Correct Answer: (C) LED

Explanation:
Light Emitting Diodes (LEDs) emit photons when electrons recombine with holes in the forward-biased PN junction. The color depends on the semiconductor material's bandgap (e.g., GaAsP for red, GaN for blue). LEDs are highly efficient, durable, and used in displays, lighting, and indicators.

Correct Answer: (B) Reverse breakdown region

Explanation:
Zener diodes are designed to operate in the reverse breakdown region, where they maintain a nearly constant voltage (V_Z) across a wide range of reverse currents.

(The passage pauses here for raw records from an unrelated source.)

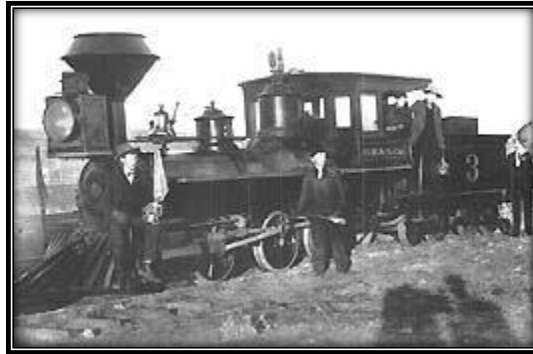
"Blue Mountain" locomotive ran on Walla Walla & Columbia Railroad

used wooden rails. Strap iron was placed on top of the wooden rails to improve the longevity of the rails. The strap iron was secured in place by nails. Rawhide was used when a quick repair was needed to secure a snakehead.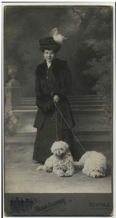
Studio portrait of a lady with dogs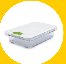
FRESHWORKS™ PRODUCE SAVER CONTAINER AND LID 2052983 AND 2052934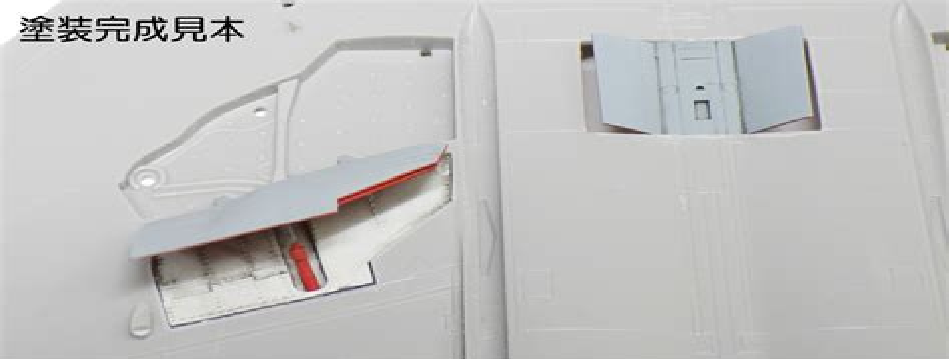
・ Air Brake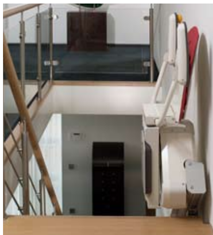
↑ Thanks to the clever design, the stair remains freely accessible.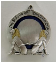
2010 – Aker 12 th in the series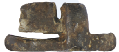
Roman Key Finger Ring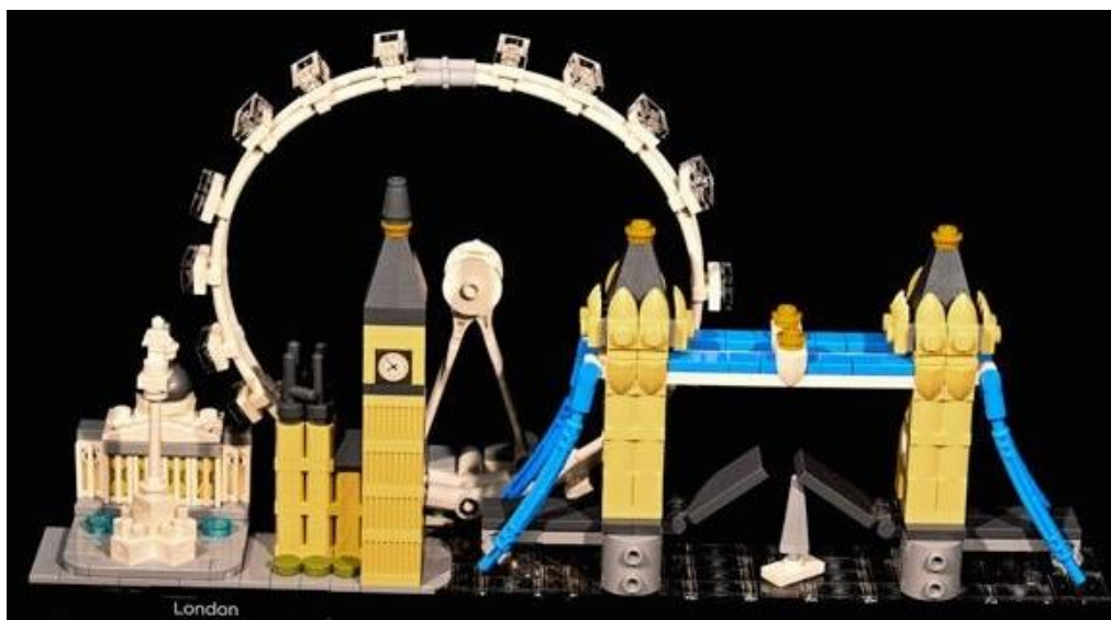
Dixi Fischer's Lego Model of London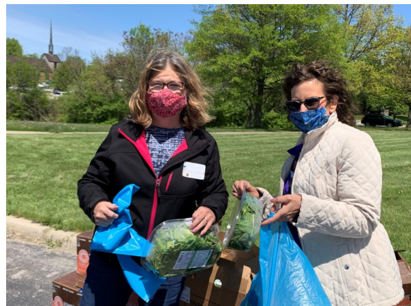
Food distribution at a Cuyahoga County Public Library branch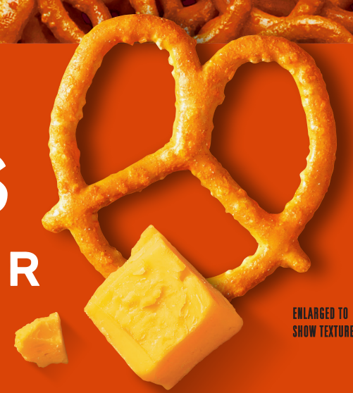
ENLARGED TO SHOW TEXTURE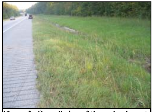
Figure 3. Overall view of the embankment where the Ford rolled over.

The Ford entered the grass embankment area where the left tires rolled under the alloy wheels exposing the rim beads to the soft terrain. The rim beads gouged the ground which tripped the vehicle into a left side leading rollover event. The Ford rolled down the embankment and partially climbed the back slope of the embankment. The vehicle rolled over a total of four-quarter turns coming to rest on its wheels facing a westerly direction. The rollover sensor actuated the dual pretensioners and deployed both IC air bags. Figure 3 is an overall view of the crash site.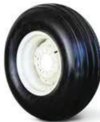
11L x 15 8 Ply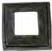
SA-006 H70*W70 □32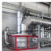
EcoReg® Rotary bed regenerator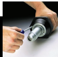
Field Changeable Element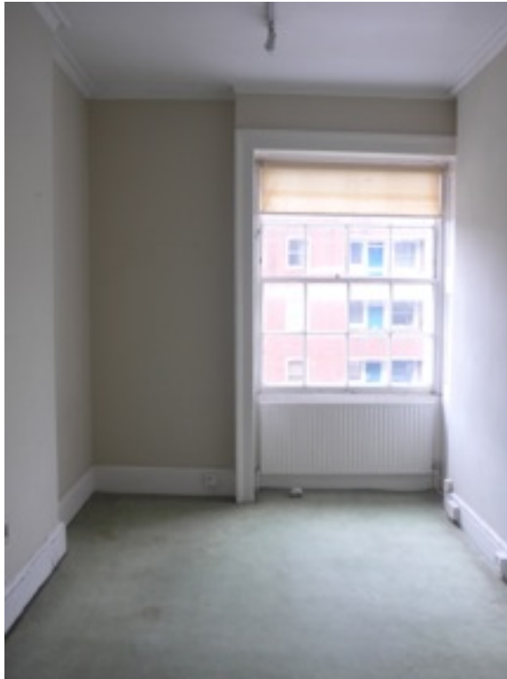
17. Second Floor Rear Room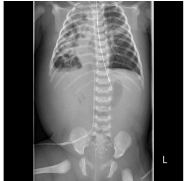
Fig. 2 X-ray showing distended bowel loops in right hemithorax prior to emergency surgery in NICU. NICU, neonatal intensive care unit.

distended and showed signs of guarding. Minimal aspirates were obtained from the NG tube and bowels last opened on day 4. Arterial blood gas reported a pH 7.30, \text{pO}_2 (partial pressure of oxygen) 8.4 kPa, \text{pCO}_2 (partial pressure of carbon dioxide) 8.68 kPa, lactate 1.6, \text{HCO}_3^- 26.8, and base excess +5.3. Laboratory counts showed hemoglobin (Hb) 154, white blood cell (WBC) 15.3, platelets (Plts) 414, and C-reactive protein (CRP) 0.8. A repeat X-ray (–Fig. 2) showed new distended bowel loops in the right hemithorax.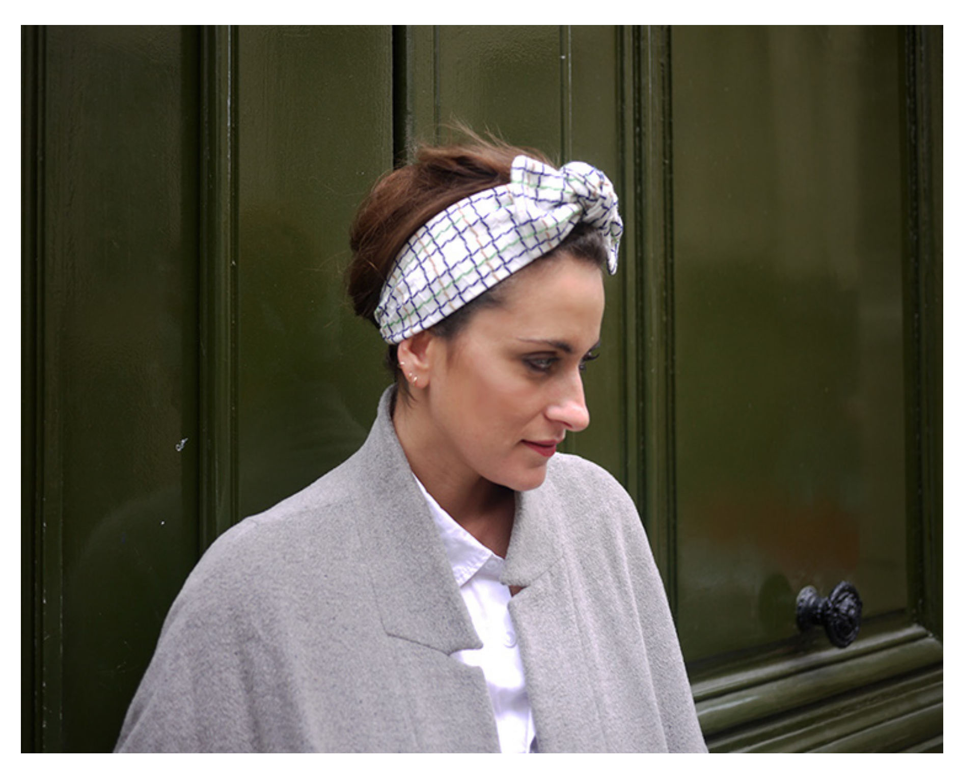
Headband Celine - Vintage 70s Tweed fabric- Made in France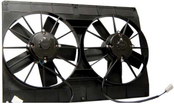
MACH TWO - NO FLANGE PART NO. MM22K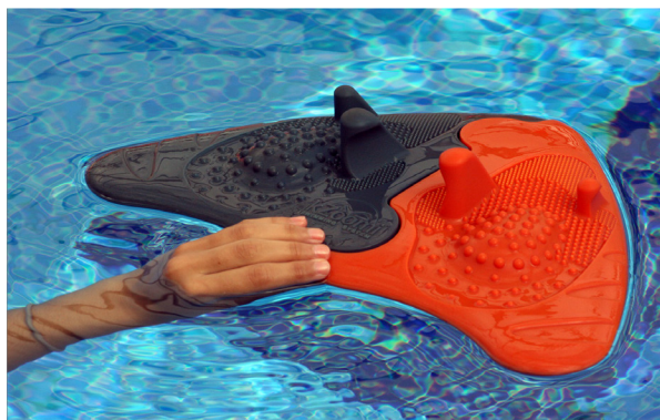
This fully functional 3D printed prototype was tested in real conditions and enabled AIJU to verify and validate the design fast.

For AIJU and others producing consumer goods, the ability to change designs easily without painstaking manual work eliminates costly intermediate prototype stages that can take weeks. In addition, printing batches of prototypes lets product engineers test multiple features, designs and improvements simultaneously, eliminating time-wasting when trying to perfect a client-ready presentation model one iteration at a time.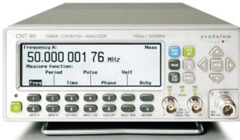
Figure 2: Measure function selection menu, shown with measured results.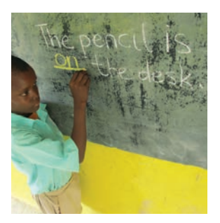
Ask the pupils to complete a sentence using a preposition.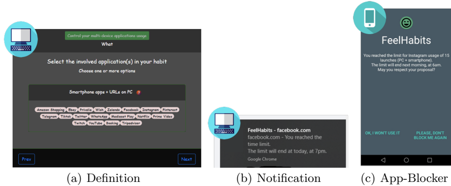
Fig. 1. FeelHabits is a multi-device DSCT targeting PCs and smartphones. Through a dedicated Google Chrome extension (a), the user can define an intention , i.e., a temporal and/or launch limit, for her different devices. When intentions are not respected, FeelHabits can send notifications on the device that is currently in use (b), or it can block the access to specific websites or apps (c).

In an initial implementation of FeelHabits , composed of a mobile app and a Google Chrome extension, a user can define these intentions by targeting her PC and her smartphone (Figure 1(a)). Intentions can be defined for the overall multi-device usage of the user ( device-level intentions), or they can be restricted to the usage of specific services available both on the PC and on the smartphone ( app-level intentions), e.g., a social network that can be accessed through the browser and a dedicated mobile app. Furthermore, intentions can be linked to specific temporal contexts, e.g., the time of the day. FeelHabits then monitors the multi-device usage of the user, and it can use different level of severity when intentions are not respected, from simple notifications alerting the user of a reached limit on a given device (Figure 1(b)) to app-blockers (Figure 1(c)).

This makes them ideal for voltage regulation applications. The breakdown can be either Zener effect (low V_Z) or avalanche effect (high V_Z).

Correct Answer: (C) A low forward voltage drop

Explanation:
Schottky diodes (metal-semiconductor junction) have lower forward voltage drop (~0.15-0.45V) than PN junction diodes (~0.7V for Si). They also have faster switching speeds due to majority carrier operation (no minority carrier storage). Used in high-frequency applications, power supplies, and clamping circuits.

Correct Answer: (B) Photodiode

Explanation:
Photodiodes generate current when exposed to light due to the photoelectric effect. They operate in reverse bias (photoconductive mode) or zero bias (photovoltaic mode). Applications include light sensors, optical communications, and solar cells. Responsivity (A/W) measures their sensitivity to different wavelengths.

Correct Answer: (C) Variable capacitance tuning

Explanation:
Varactor diodes (varicaps) act as voltage-controlled capacitors. Their junction capacitance varies with reverse bias voltage (C ∝ 1/√V_R). Used in tuning circuits for radios, TV receivers, frequency multipliers, and voltage-controlled oscillators (VCOs). Quality factor (Q) and tuning ratio are key parameters.

Correct Answer: (A) High-frequency applications

Explanation:
Tunnel diodes (Esaki diodes) exploit quantum tunneling in heavily doped junctions. They show negative resistance in part of their operating range, enabling high-frequency (microwave) oscillators, amplifiers, and fast switching circuits (nanosecond range). Operate at very low voltages (~0.1V).

Correct Answer: (D) Both (A) and (C)

Explanation:
PN junctions exhibit two main breakdown mechanisms:
1. Zener breakdown: Dominates in heavily doped junctions (<5V), where strong electric fields cause direct electron tunneling.
2. Avalanche breakdown: Dominates in lightly doped junctions (>7V), where accelerated carriers create electron-hole pairs through impact ionization.
Between 5-7V, both mechanisms contribute.

Correct Answer: (B) Heavily doped junctions

Explanation:
Zener breakdown occurs in heavily doped junctions because:
1. Narrow depletion regions create very strong electric fields at low reverse voltages
2. The small depletion width allows quantum tunneling of electrons from valence to conduction band
This mechanism dominates at breakdown voltages below about 5V.

Correct Answer: (A) Lightly doped junctions with high voltage

Explanation:
Avalanche breakdown occurs in lightly doped junctions because:
1. Wider depletion regions require higher voltages to achieve breakdown
2. Carriers gain enough energy to create electron-hole pairs through impact ionization
3. This multiplicative process creates an "avalanche" of carriers
Dominates at breakdown voltages above about 7V.